In all the experiments, the estimated ΔΔQTc values corresponded to the modeled QTc changes only when the heart rate did not change on treatment or when the heart rate changes were minimal. This again corresponds to the theoretical predictions (see Fig. 2, middle column of panels) but more importantly, in such cases, specific design of heart rate corrections is not needed. With minimal heart rate changes on treatment, fixed heart rate corrections, such as the Fridericia formula, can safely be used .
Similar to part 1 experiments , the results presented in Figs. 5, 6, 7, and 8 are independent of the mathematical form of the curvilinear regression models that we used to describe the subject-specific drug-free QT/RR relationship over broad ranges of heart rates. Any other form of regression model that would fit the study data equally well would lead to equivalent results.
In the experiments, we have not considered QTc/RR correlation regressing QTc on both RR and the drug concentrations . Nevertheless, as shown in Fig. 4 of the theoretical considerations, if such multiple correlations are based on a limited range of baseline RR values, no distinction can be made between drug-induced QTc prolongation or shortening (or no change). Hence, the QTc/RR correlations that involve drug concentrations suffer from the same shortcomings as demonstrated by our modeling experiments.

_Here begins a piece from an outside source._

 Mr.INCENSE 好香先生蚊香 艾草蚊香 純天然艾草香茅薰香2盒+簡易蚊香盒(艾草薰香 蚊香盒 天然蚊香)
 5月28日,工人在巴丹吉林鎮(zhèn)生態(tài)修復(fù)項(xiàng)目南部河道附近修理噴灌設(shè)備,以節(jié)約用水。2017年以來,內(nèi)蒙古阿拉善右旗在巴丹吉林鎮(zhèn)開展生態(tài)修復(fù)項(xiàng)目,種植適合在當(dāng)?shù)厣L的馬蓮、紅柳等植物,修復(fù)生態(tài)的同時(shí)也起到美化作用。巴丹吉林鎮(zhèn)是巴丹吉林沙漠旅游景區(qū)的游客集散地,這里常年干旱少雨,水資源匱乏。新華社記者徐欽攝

This series of statistical modeling experiments shares the limitations of the part 1 series , including the absence of more detailed QT/RR hysteresis considerations [6, 11], mixed sex population, restriction to healthy subjects, and absence of QRS complex abnormalities. Nevertheless, the theoretical considerations that we presented are equally applicable to QT/RR data obtained without any hysteresis correction, collected from patients rather than healthy subjects, etc. Hence, these experimental limitations do not influence the general validity of the concept that this study proves. Similar to the part 1 series, we have used by-time analysis estimating ΔΔQTc at the time of the maximum modeled drug concentration in each subject.
In summary, this study and its theoretical basis show clearly that aiming at zero correlation between QTc and RR values by pooling baseline and on-treatment data does not prove validity of heart rate corrections used in study evaluation. When combined with more than trivial heart rate increases, such heart rate corrections may substantially underestimate drug-induced QTc changes.

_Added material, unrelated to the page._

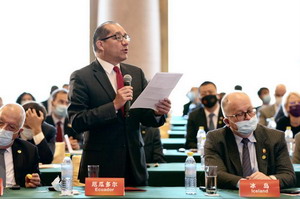 | Ambassador of Ecuador to China asks a question. | Ning Jizhe answers questions of diplomatic envoys. |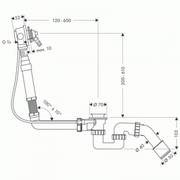 - Потрібно: зовнішня частина Hansgrohe Exafill (58127000) або Hansgrohe Exafill Plus (58128000), гнучка приєднувальна труба 800 мм Hansgrohe (58192000)

For these reasons, the correlations between QTc and RR values over the complete study data collection should not be used. As discussed previously, full profiles of drug-free QT/RR data are needed in each study subject to design robust subject-specific corrections [1, 12]. Different tests validating the specifically designed heart rate corrections are needed, and in addition to previous proposals , new methodologies need to be developed for this purpose. In principle, it appears that with substantial drug-induced heart rate changes, it is problematic for the tests of correction validity to include the on-drug data.

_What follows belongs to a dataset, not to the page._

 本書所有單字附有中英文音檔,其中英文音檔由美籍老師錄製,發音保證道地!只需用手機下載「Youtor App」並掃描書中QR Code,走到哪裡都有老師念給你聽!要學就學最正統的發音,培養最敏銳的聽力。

Compliance with Ethical Standards
This article reflects the views of the authors and should not be construed to represent the Food and Drug Administration’s (FDA’s) views or policies.
This work was supported in part by the British Heart Foundation New Horizons Grant NH/16/2/32499.
Conflict of interest
Marek Malik, Christine Garnett, Katerina Hnatkova, Jose Vicente, Lars Johannesen, and Norman Stockbridge have no conflicts of interest that are directly relevant to the content of this study.